Figure 22: Effets possibles des variants de l'hémoglobine sur l'HbA1c obtenue par chromatographie [36]

En somme, si la mutation de l’hémoglobine entraîne une modification de la charge nette (comme pour les variants Hb S, C, D et E), elle peut provoquer des interférences avec des méthodes telles que la CLHP par échange d'ions ou l'électrophorèse. Dans certaines mutations, lorsque l'extrémité N-terminale de l'hémoglobine est touchée (Hb Raleigh, Hb Niigata), toutes les méthodes de dosage de l’HbA1c (et/ou de l’hémoglobine glyquée dans son ensemble) peuvent êtres prises en défaut, puisque le site majeur de la glycation est inaccessible ou modifié [142]. Enfin, si le variant entraîne une réduction de la durée de vie des érythrocytes, l'HbA1c (ou l’hémoglobine glyquée totale) serait faussement abaissée, quelle que soit la méthode utilisée.

Rien ne permet aujourd’hui de dire qu’un principe de dosage est supérieur à un autre pour mesurer l’HbA1c chez les sujets porteurs d’une hémoglobine anormale. En revanche, l’importance de signaler sa présence est reconnue de façon internationale.
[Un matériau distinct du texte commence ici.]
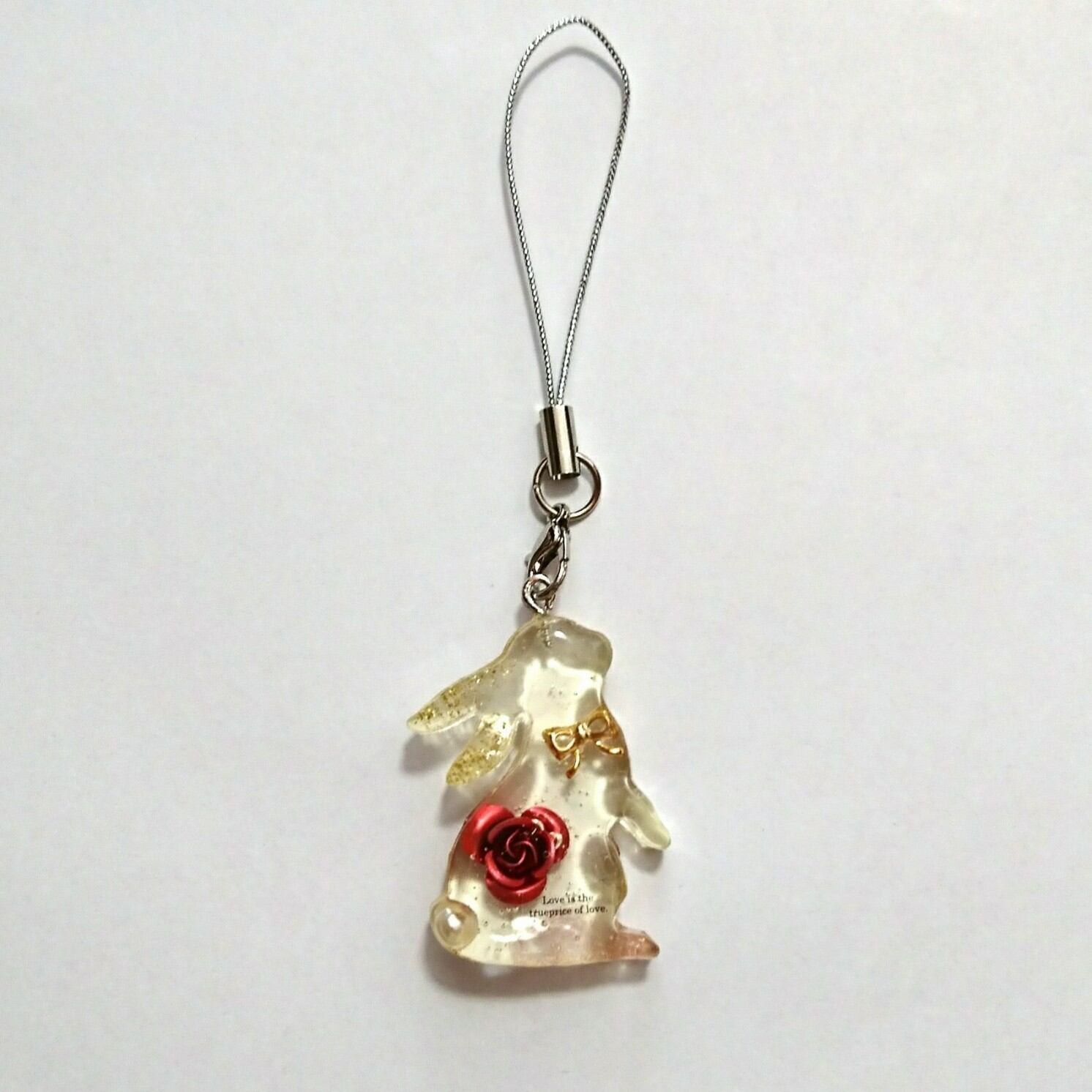 薔薇型パーツ等をレジンで閉じ込めた、うさぎのチャームです。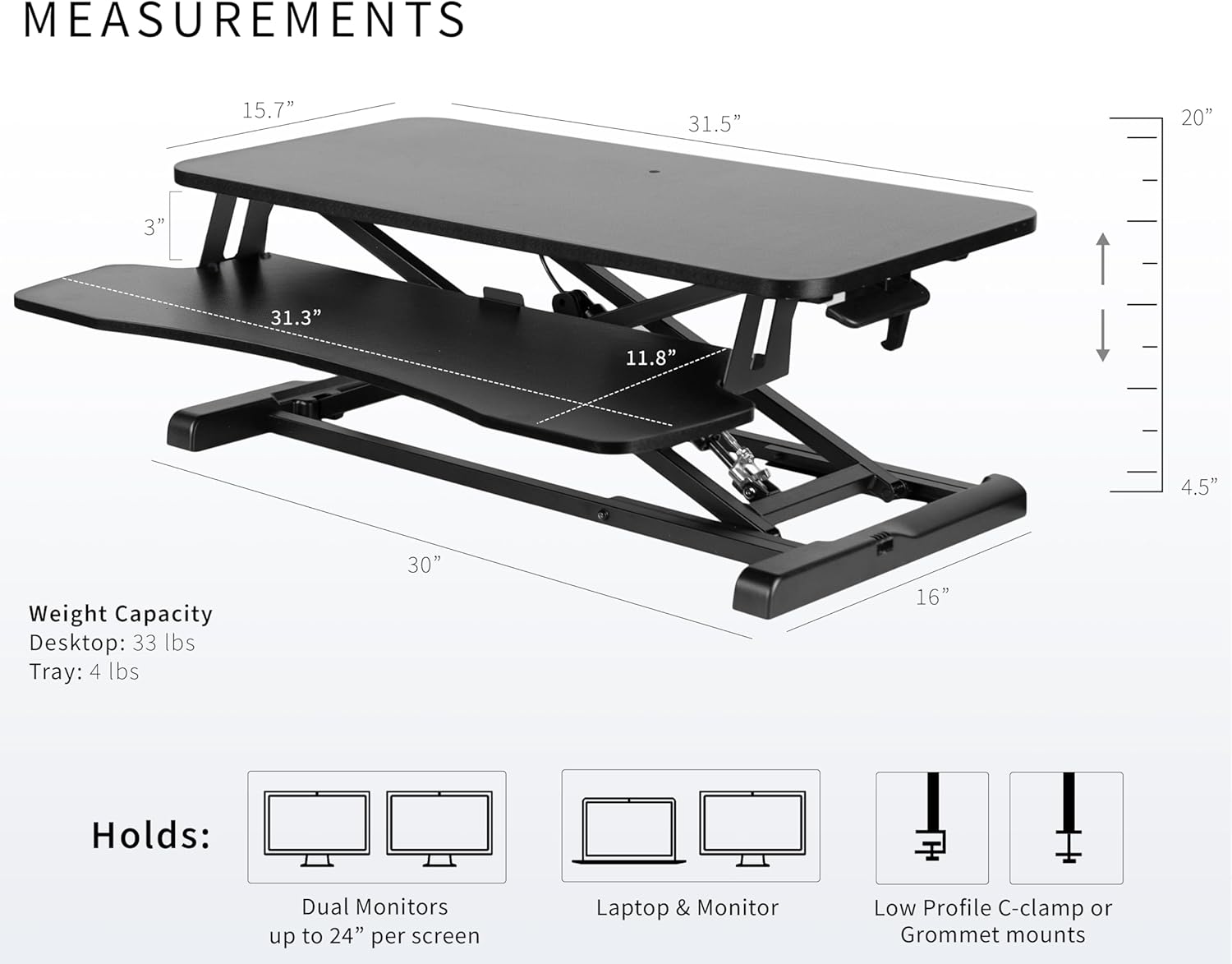 VIVO 32 inch Carbon Fiber Desk Converter, K Series, Height Adjustable Sit to Stand Riser, Dual Monitor and Laptop Workstation with Wide Keyboard Tray, Black, DESK-V000KR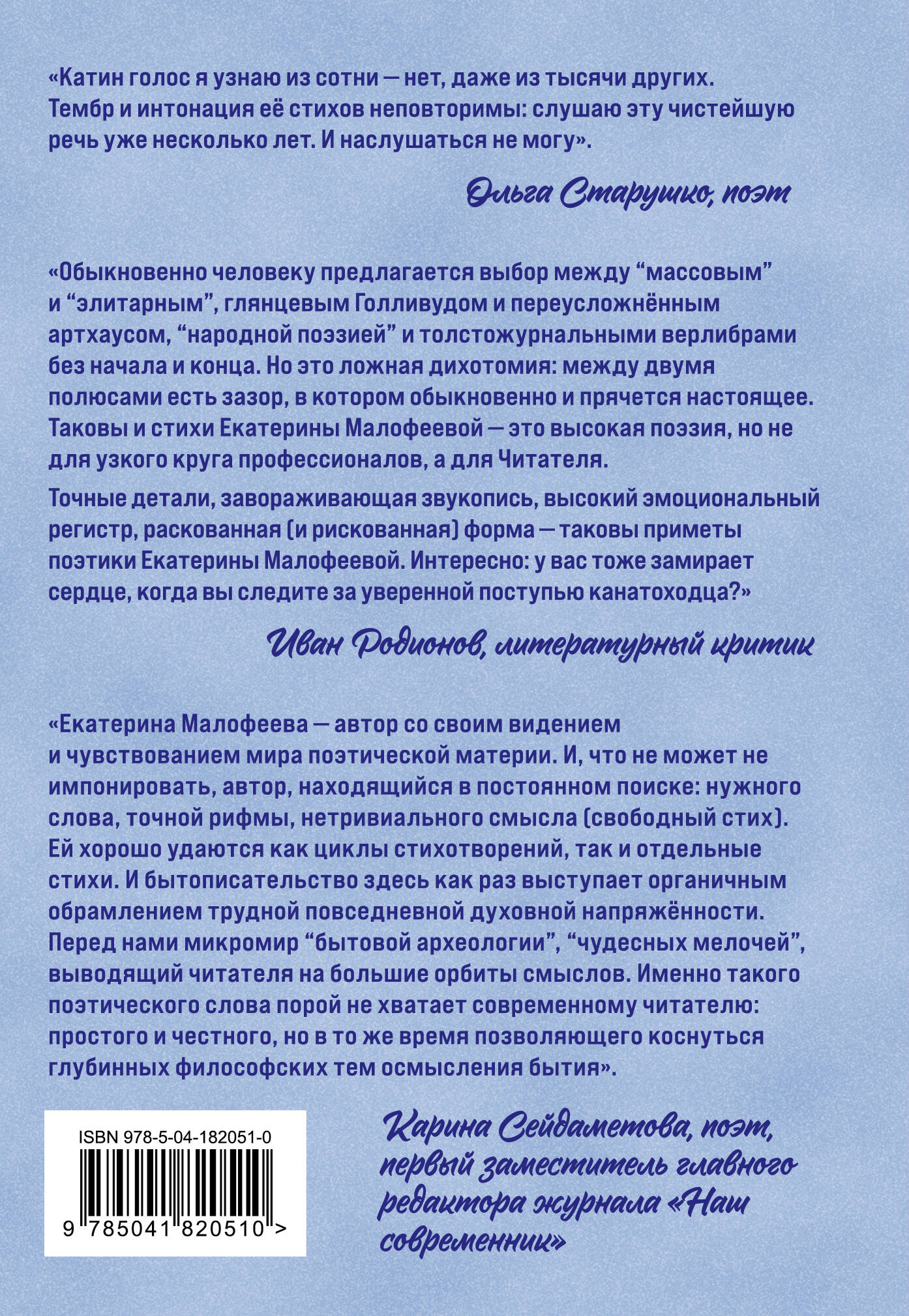 «Точные детали, завораживающая звукопись, высокий эмоциональный регистр, раскованная (и рискованная) форма — таковы приметы поэтики Екатерины Малофеевой», — пишет критик Иван Родионов. И действительно: сборник «Бездомные звёзды» открывает читателю удивительные созвездия, созданные поэтессой: современные, самобытные и завораживающие, способные подсказать читателю дорогу к новым поэтическим мирам. Это настоящая современная поэзия, чутко улавливающая настроения и надежды наших дней, способная врачевать душевные раны и, как путеводная звезда, направлять читателя, плутающего в лабиринте противоречивых чувств.

Chaque variant de l’hémoglobine doit être évalué pour déterminer l'étendue de son interférence pour chaque méthode. Toujours dans ce sens, les interférences des anomalies les plus fréquentes de l’hémoglobine pour quelques méthodes ont été évaluées dans certaines études [121, 132, 136, 139] et par le groupe NGSP [129]. Pour ce dernier, les résultats de l’Adams®

A1c HA-8180V Arkray utilisée dans le pressent travail ne montrent pas

d’interférences avec les variants S et C et l’augmentation de l’HbF (lorsque les taux ne dépassent pas 30%). En revanche, l’HbA1c ne serait pas quantifiée avec les hémoglobines E et D (annexe 10). Dans notre travail, nous ne disposons pas de données cliniques suffisantes pour confirmer ou non ces résultats, mais Weykamp et al. [122] les confirme.